Complex numbers question.

jernobyl

1. The problem statement, all variables and given/known data

Express -i in polar form, using the principal value of the argument.

2. Relevant equations

modulus = [tex]\sqrt{a^2 + b^2}[/tex]

[tex]\theta[/tex] = arg(0 - i)

3. The attempt at a solution

Well, the complex number is 0 -i. a = 0, b = -1 so:

[tex]r = \sqrt{0^2 + (-1)^2}[/tex] which comes out to be 1.

But for the argument, [tex]\theta[/tex] comes out to be:

[tex]\tan\theta = \frac{-1}{0}[/tex]

Ummm...where do we go from here?! Also, err, what IS the principal argument of the argument? I mean, it seems to be that the value of [tex]\theta[/tex] changes depending not where on the CAST diagram it is, but on where in the Argand diagram the complex number turns out to be...but, err, not always. Like, if it lies in the fourth quadrant, you don't do 360 - [tex]\theta[/tex]...

cristo

The argument of a complex number x+iy is only tan(y/x) if neither x nor y is zero.

You can find the argument of -i by simply considering the argand diagram. Where does -i lie on the argand diagram? When you plot this, it should be obvious what the argument is. Note that the principal argument, is a value between -pi and pi. (or -180 and 180 degees)

jernobyl

Thanks for this. The exercises I have been doing on complex numbers have all asked for the principal argument, and some of the answers are not between [tex]\pi[/tex] and -[tex]\pi[/tex], such as 239.04 degrees.
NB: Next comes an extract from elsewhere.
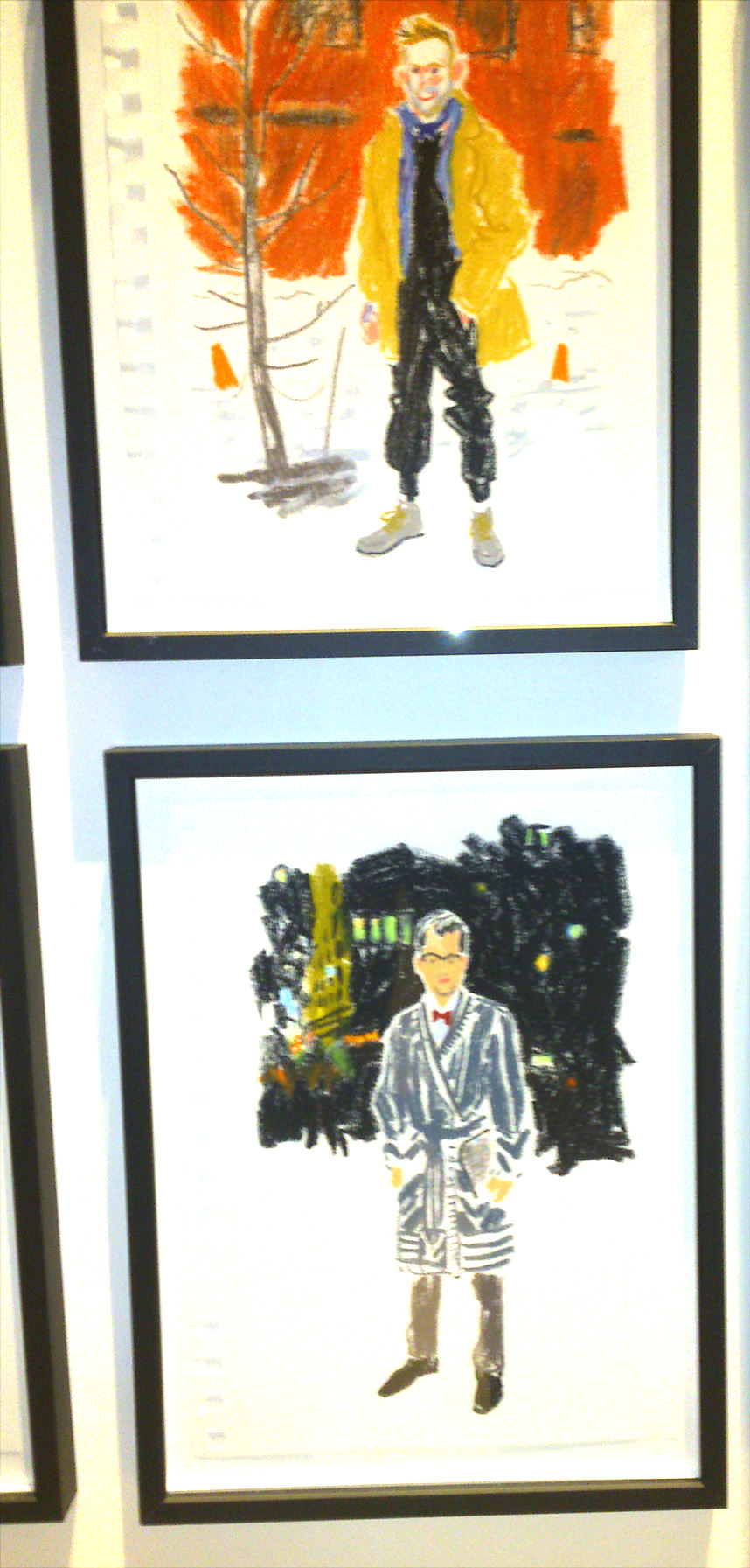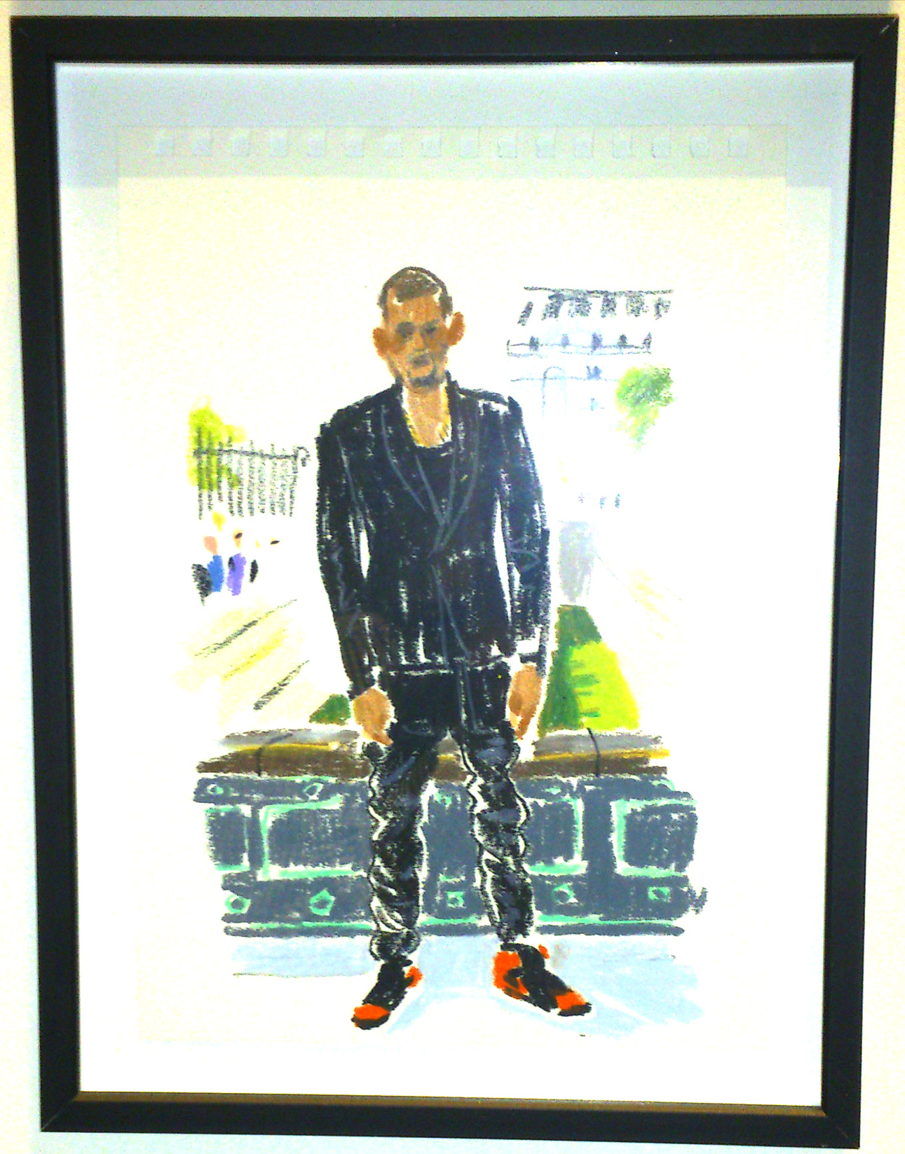 His style is to capture the essence of people by drawing quick sketches using simple Crayola crayons.

Okay, err, I've plotted -i on the argand diagram...-i is at "-1"...I'm really not getting it here...

cristo

you may have a different definition of the principal argument then; although i thought it was always between pi and -pi

It's at -1 on the imaginary axis. Now, what is the angle between the positive real axis and the negative imaginary axis? This will give you the argument.

D H

Some alternatives are

• Use Euler's formula, [itex]e^{i\theta} = \cos \theta + i\sin \theta[/itex]. You need to find the value [itex]\theta[/itex] such that [itex]\cos \theta = 0[/itex] and [itex]\sin\theta = -1[/itex].
• Use the cotangent instead of the tangent, paying attention to the sign of the argument.
• Use the two argument form of the inverse tangent, http://en.wikipedia.org/wiki/Arctang..._of_arctangent

rsnd

its 1 e^ {-I * Pi/2} ?

cristo

... please don't simply give out answers to homework questions.

jernobyl

Ah, thanks for that. I'm confused but I kinda understand the answer...

HallsofIvy

Since you say some, at least of the answers are in degrees, between 0 and 360 degrees, start at the positive real axis and measure the angle counterclockwise to the negative y-axis. You should see that the angle is a multiple of 90 degrees.

jernobyl

Yeah, thanks. I'm just not sure, like...one of the answers to one of the questions was -7.15 degrees...and how can that be, if you're meant to measure it counterclockwise from the positive real axis? Sigh.